■ **How to complete this task**
Print exactly the lines from the one containing "- SOFT & WIDE" through the last line of the entries below; the pictures stay out of the copy.

Records contained in a dataset:
• • • • • • •

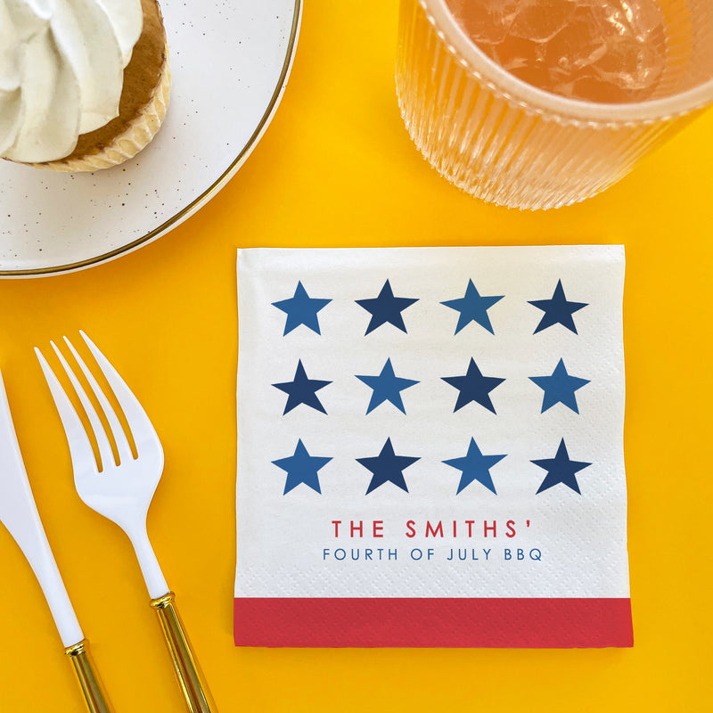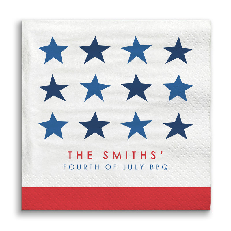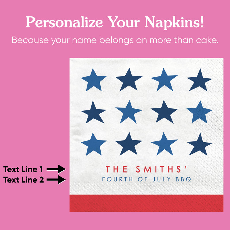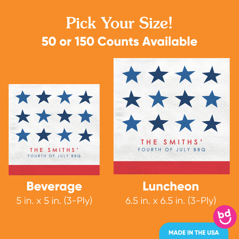 Party in the USA—and make it personal! These red, white, and blue napkins are ready to celebrate your 4th of July BBQ, Veterans Day program, or family cookout in star-spangled style. Add custom text like names, dates, or your own fun message to create a look that’s all yours. Available in beverage and luncheon sizes, each napkin is printed on soft 3-ply paper and sold in packs of 50 or 150—so you’re covered from appetizers to fireworks. Proudly made in the USA and perfect for any all-American gathering!
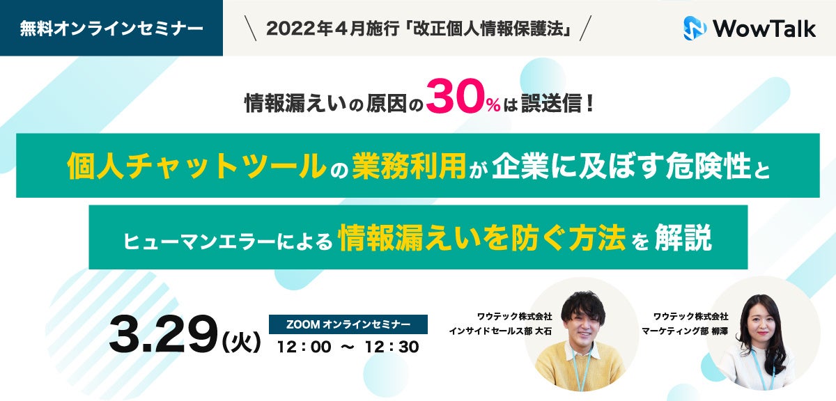 利用社数10,000社超と多くのビジネスパーソンにご利用いただいているサービス、ビジネスチャット・社内SNS「WowTalk(ワウトーク)」を開発・提供するワウテック株式会社(本社:東京都港区、代表取締役社長:瀬沼 悠、以下「ワウテック」)は、2022年3月29日(火)、無料のオンラインセミナーを開催することをお知らせいたします。
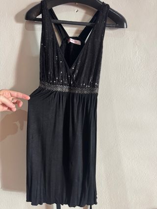Elegante camiseta de tirantes con detalles de lentejuelas y cinturón adornado. - Cuerpo superior con lentejuelas brillantes. - Cintura con detalle metálico. - Falda fluida de tejido suave.
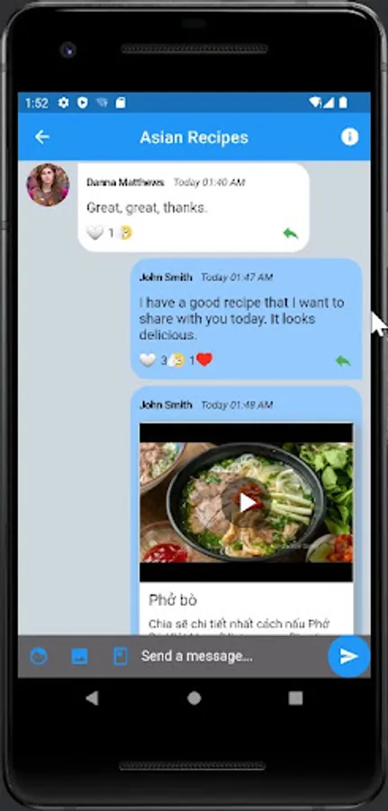 Tạo các cuộc trò chuyện riêng tư và công khai để chia sẻ công thức nấu ăn, khoảnh khắc với bạn bè và gia đình của bạn.
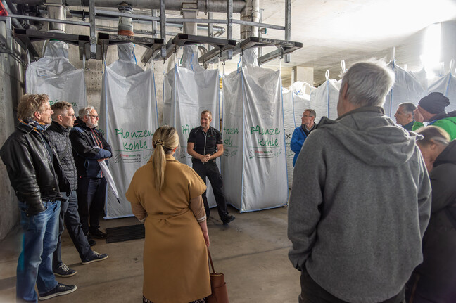 - In seinem Holzkraftwerk wird die Biokohle in einem speziellen Verfahren ausgeschieden – ein Teil des in der Biomasse gebundenen Kohlenstoffs bleibt damit als Kohlenstoff erhalten und wird nicht in Form von CO2 in die Atmosphäre geblasen.
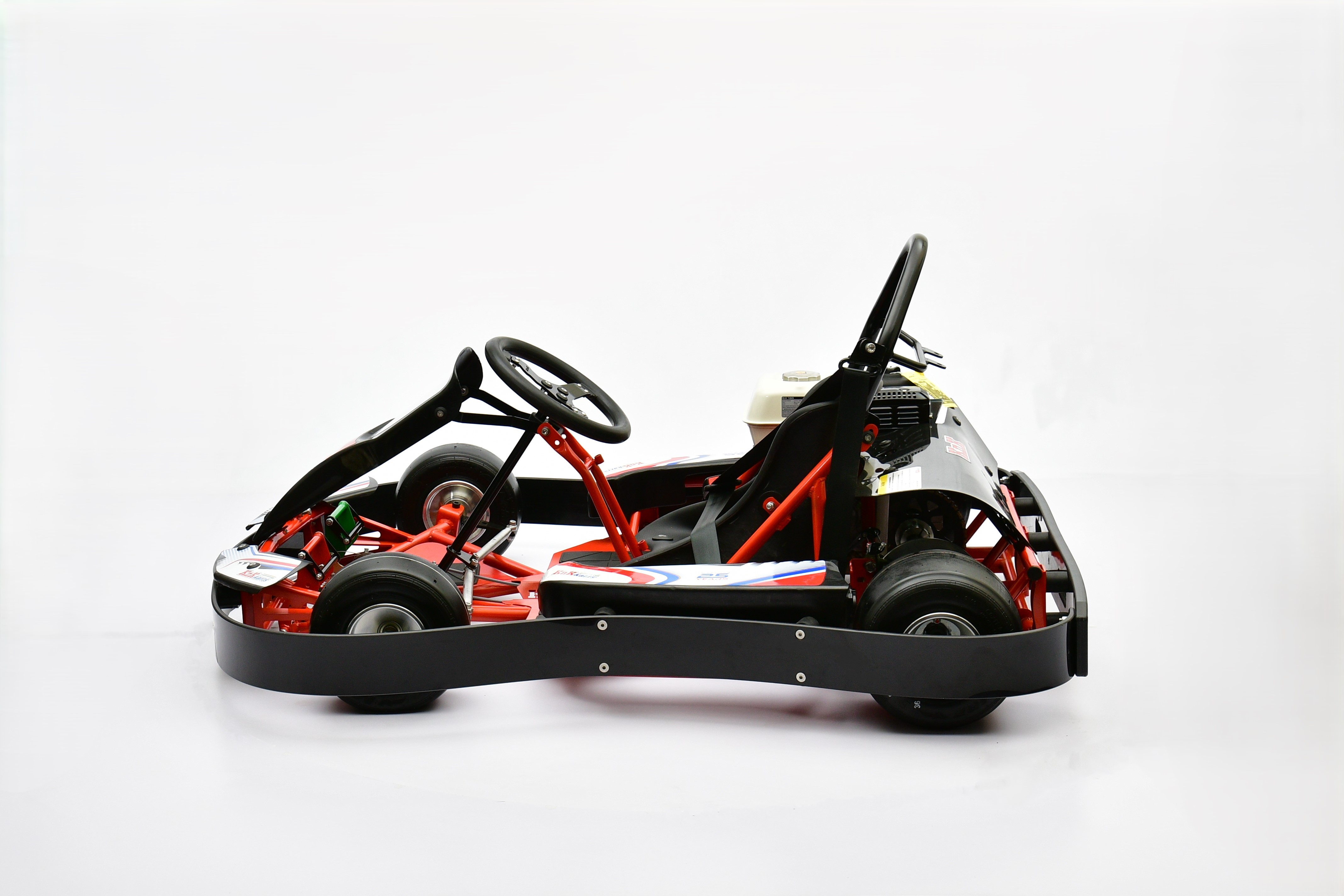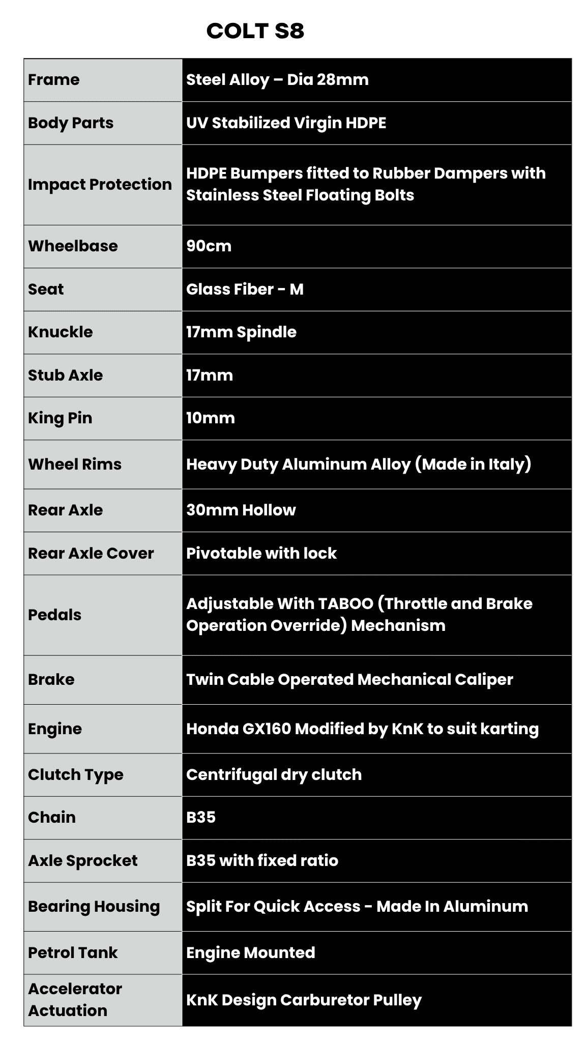 Powered by a Honda 160cc engine delivering 5.5 hp, the Colt S8 ensures reliable performance with smooth power delivery. It uses a centrifugal dry clutch and a B35 fixed ratio sprocket for consistent acceleration. Built on a 28mm steel frame with a 90cm wheelbase, it ensures stability and control. The kart features mechanical caliper brakes, Italian aluminum alloy wheels, and a 30mm hollow axle for durability. The body is made of UV-stabilized virgin HDPE, and the engine-mounted fuel tank provides a compact and efficient layout, making the Colt S8 a perfect blend of fun, safety, and performance for young drivers.
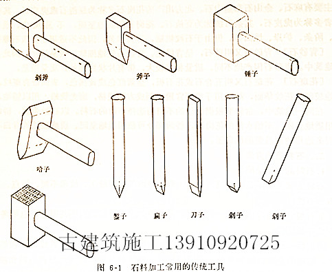 2.刺点或打道以找平为目的打道又称为“创道”。刺点或打道的主要目的都是将石面找平,除汉白玉等软石料外,一般应以刺点为主。如石料表面上弹出若干条直线,按线打道。
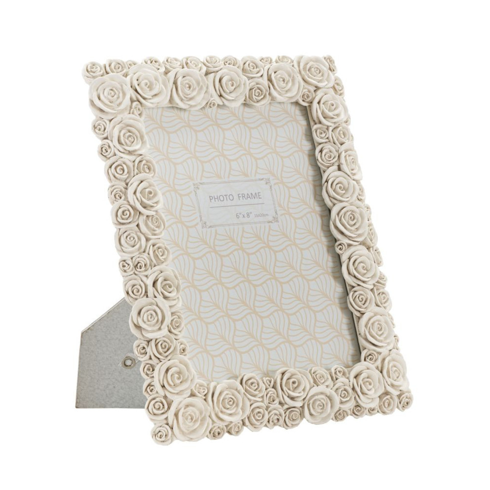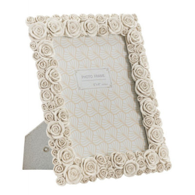 Cornice rettangolare da appoggio in resina realizzata da un insieme di roselline. Può essere posizionata sia in orizzontale che in verticale. Dimensioni foto cm 15x20.
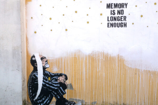 “Memory is no longer enough” è il titolo della nuova opera dell’artista realizzata su ciò che resta delle opere dedicate nel 2025 ai sopravvissuti della Shoah Liliana Segre, Edith Bruck e Sami Modiano, ripetutamente colpite da azioni antisemiti. Il nuovo intervento nasce come risposta diretta a questo clima antiebraico dilagante.
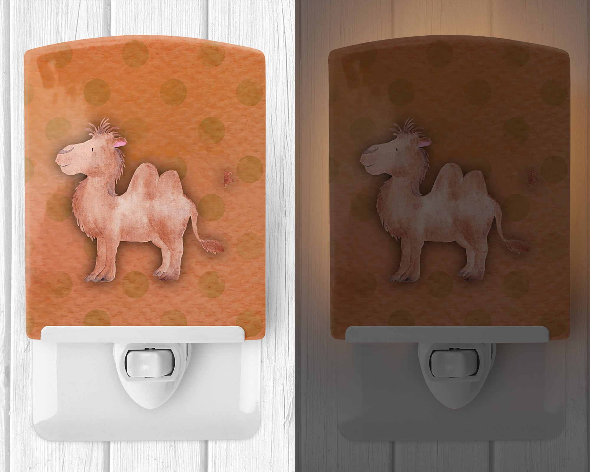 Decorate your space with our Camel artwork on a Night Light. Introduce a splash of artistic flair and subtle illumination to your space with the Decorative Ceramic Night Light from Caroline's Treasures. Perfect for any room, this night light seamlessly blends functionality with an aesthetic appeal, offering a stylish solution to brighten up dark corners of your home or office. Boasting a six-inch high by four-inch wide ceramic tile at the front, it showcases vivid, full-color artwork from distinguished artists, transforming a simple utility into a vibrant art piece. The artwork is securely encased in a robust metal holder, ensuring durability and longevity. Two screws are provided to firmly affix the tile into the holder. The holder extends three inches deep, housing an included bulb that emits a soft, welcoming glow. This product meets all safety standards, as evidenced by its UL approval. Proudly made in the United States from imported components, this Decorative Ceramic Night Light is not just a functional device; it's a statement piece that enhances the ambiance of your surroundings.
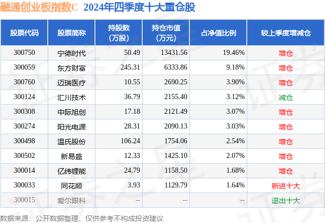 从基金规模来看,融通创业板指数C基金2024年四季度公布的基金规模为1.07亿元,较上一期规模1.07亿元变化了-9.76万元,环比变化了-0.09%。该基金最新一期资产配置为:股票占净值比94.32%,无债券类资产,现金占净值比6.41%。从基金持仓来看,该基金当季前十大股票仓位达49.69%,第一大重仓股为宁德时代(300750),持仓占比为19.46%。
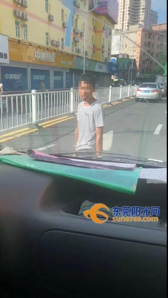 據網友反映,該名男子在常平木棆市場附近搶了兩個箱子后扔到木棆河,隨后,又持刀來到東興路和東園路口附近,攔截運鈔車。
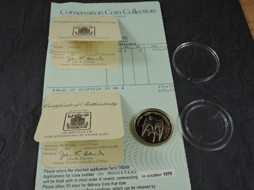 A 1974 Thailand 5000 Bahts Gold Coin, White-eyed River Martin to reverse, Uncirculated in plastic capsule with Royal Mint certificate, weight 33.6g, .900 Fine Gold, part of the Conservation Coin Collection sold by Spinks, No 5 of the collection of 24 Gold Coins with Advice dated 1975
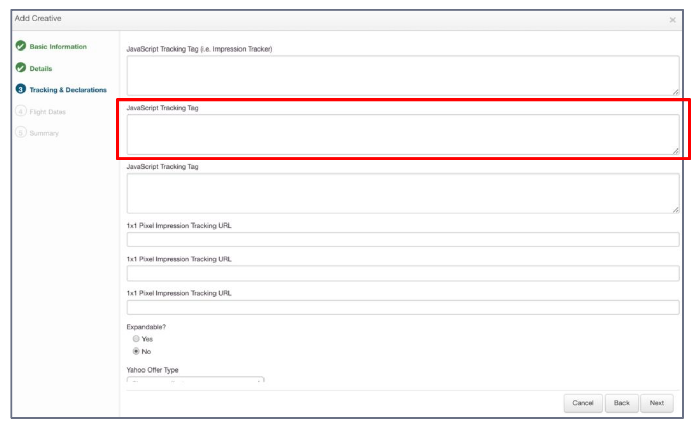 - Optional: Add viewability script to the JavaScript Tracking Tag field
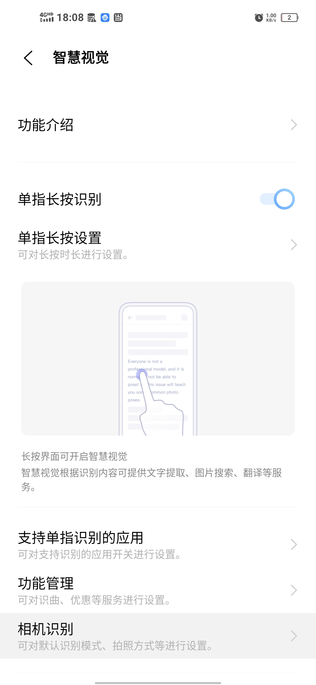 VIVO->智慧视觉->单指长按识别功能开启后,小程序页面内的长按类功能都无响应,具体表现位touch相关事件无反应。
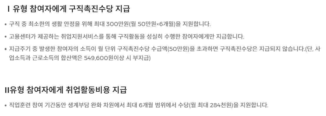 II유형은 ‘취업활동비용’과 ‘취업지원서비스’를 제공받습니다.
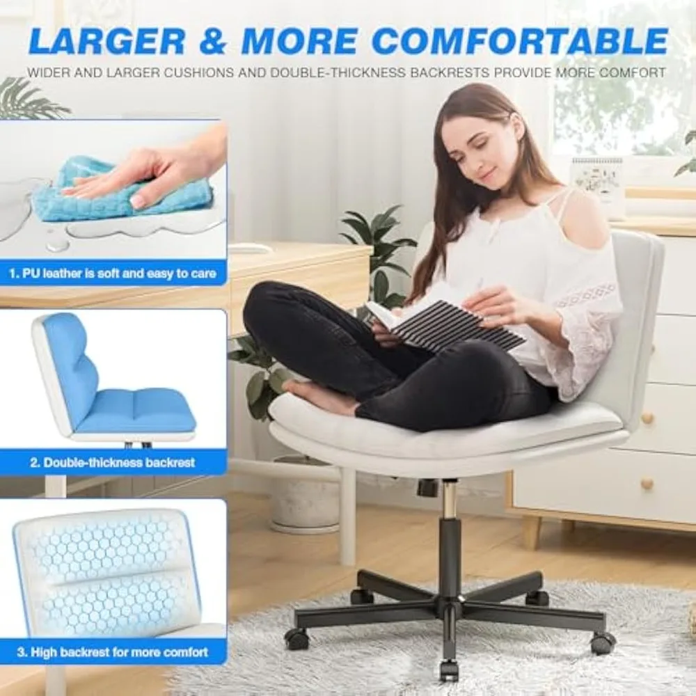 - SOFT & WIDE & FIRM - PROVIDE YOU WITH A BETTER SITTING FEELING: This spacious criss cross desk chair is fabricated from double-layer high-density sponge cushions, where the upper layer is soft yet resilient, and the lower layer offers firm and robust support. Even if you sit for an extended period, you won't experience back pain, and fatigue will be significantly reduced. The widened and enlarged soft cushion caters to your diverse sitting habits, and sitting cross-legged will be easy. The surface of the armless chair is crafted from PU material, which is not only skin-friendly and supple but also durable and waterproof, making it your optimal choice.
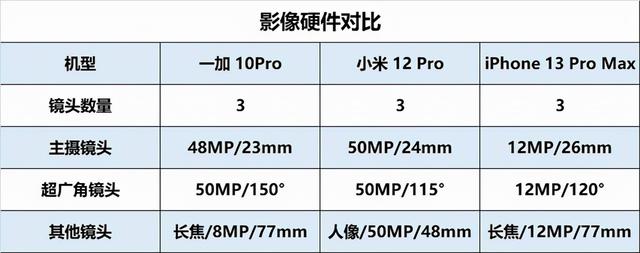 一加 10Pro、小米12 Pro、iPhone 13 Pro Max这三款机型不论是在影像系统的硬件方面还是软件方面各有各的优势,我们先来了解一下三款手机在硬件上的配置。

• • • • • • •

■ **Your solution**
 - SOFT & WIDE & FIRM - PROVIDE YOU WITH A BETTER SITTING FEELING: This spacious criss cross desk chair is fabricated from double-layer high-density sponge cushions, where the upper layer is soft yet resilient, and the lower layer offers firm and robust support. Even if you sit for an extended period, you won't experience back pain, and fatigue will be significantly reduced. The widened and enlarged soft cushion caters to your diverse sitting habits, and sitting cross-legged will be easy. The surface of the armless chair is crafted from PU material, which is not only skin-friendly and supple but also durable and waterproof, making it your optimal choice.
 一加 10Pro、小米12 Pro、iPhone 13 Pro Max这三款机型不论是在影像系统的硬件方面还是软件方面各有各的优势,我们先来了解一下三款手机在硬件上的配置。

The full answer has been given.